By Gina Tiano
This year’s annual All-America City 10K Run/Walk drew thousands of on-lookers, as runners made their way to the starting line. The
race was held Saturday, February 7, a day when temperatures soared to 85F — 15 degrees above normal.
At the head of the throng were men and women who make their living winning races. Behind them were hundreds of people of all ages and from all walks of life, most there to participate for fun. Among those competing were registered nurses Maribel Martinez and Erika Guerra, who had run Edinburg’s 10K the
“Erika is the one who got me into the whole running thing,” Martinez said, laughing. “We have done a lot of 10K races, biking and several marathons. We are involved in a program called Team-In-Training (TNT), a charity sports training program that helps raise money for the Leukemia and Lymphoma society.
Speaking about Edinburg’s 10K, Martinez said, “It was really hot and windy that day. It went really well until the fifth mile when a young man collapsed, likely going into heat stroke or heat exhaustion. He went unresponsive for some time.”
Martinez stopped and helped the young man, making sure he was out of the sun and not in the path of approaching runners.
“Most races I’ve run in start between six and eight in the morning,” Martinez noted. “Ten-thirty is the latest start time for a race that I’ve ever run, and I wouldn’t be surprised if that contributed to the young man’s collapse.

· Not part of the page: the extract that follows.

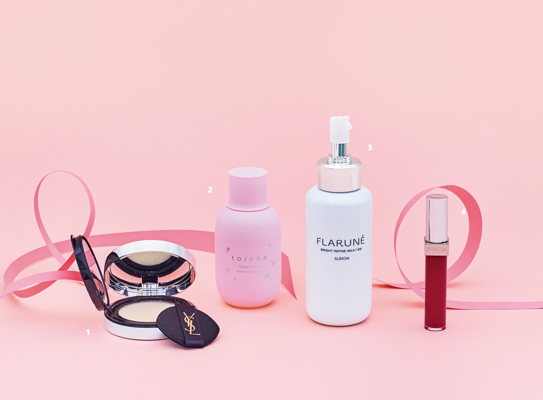 左から、①YVES SAINT LAURENT「オールアワーズ ブラークッション」、②to/one「トーン ドリーム フローラ エッセンス ウォーター SAKURA in Bloom」、③FLARUNE「フラルネ ブライトリファイン ミルク f M/EM」、④PRADA BEAUTY「プラダ リフレクション リキッド バーム グロス」

“He looked like he was going into shock. What he needed right away was fluids, an IV [intravenous fluids],” Martinez said. “But out of the hospital setting, I felt helpless. Other than putting him in the ‘recovery position’ [on his left side to prevent choking] and monitoring his breathing and pulse, all I could do was wait for the ambulance.
“A lot of other races I’ve run,” Martinez continued, “require that on the back of the number there has to be emergency contact information. I reached for the young man’s number, but there was no information on it anywhere. It would have been a good thing to know.”
As nurses living in the Rio Grande Valley, it is not unusual for Maribel Martinez and Erika Guerra to see people suffer from heat-related illnesses. The heat and humidity are a deadly combination for those who overheat while working or exercising outside. Many people underestimate the extent of their fluid loss, and it is very difficult to avoid dehydration during a long race because the rate of sweat loss usually exceeds the rate of absorption of ingested fluids, according to Martinez.
“We like to compete against each other to see who can get there fastest, but we always train and prepare for the event. Safety is a top priority.”
Martinez pointed out that even well-conditioned athletes can fall victim to dehydration and heat stroke, which can be potentially life-threatening.
There are three stages to heat illness; heat cramps, heat exhaustion, and heat stroke — listed from bad to worst. Heat cramps caused by dehydration cause muscle spasms and often occur in the arms, legs, or abdomen. Heat exhaustion is due to more profound loss of water and electrolytes, and is identified by
generalized weakness, headache, dizziness, low blood pressure, elevated pulse, and temperature elevation as high as 104 degrees F. Both can usually be treated by moving out of the sun, drinking fluids, and eating salty food, according to Martinez.
The worst of these three is heatstroke, which is a life-threatening condition and represents severe dehydration, high body temperature and shut-down of the body’s ability to cool itself. That is when the runner may become delirious or comatose. Eventually damage to the brain, heart, lungs, kidneys and other organs may occur. Sometimes despite the best medical care, death is the end result.
“When I run, the outdoor elements are out of my control,” Martinez said, “but there are many things that I do to help prevent myself from getting sick.”
Listed below are a few of Martinez’s tips:
Play it safe and always check with your family doctor your ability to race in the heat before you sign up.
Wear light-colored, lightweight clothing that will reflect the light and allow air circulation.
Certain drugs may cause dehydration or interfere with sweating.
Antihistamines and some blood pressure medications decrease sweating. Caffeine and alcohol are diuretics and can cause your body to lose water, so avoid their use for several days prior to a race.
Drink plenty of water before, during and after the race. Hydrate thoroughly the day before the race.
Don’t forget that how hard you push yourself during a race is under YOUR control. Know your body and don’t press beyond your limits.
Although most people think they already know how to run because they jog, this is not true. Running takes a new set of skills. This is why some people start with a 2K, 5K or 8K race before they start running in 10K races.
Consider running with someone who can coach you, someone who has been successful at running a 10K before.
“I hope he’s okay,” Martinez said, thinking again about the young man she had helped. “I’m wondering what happened to him.”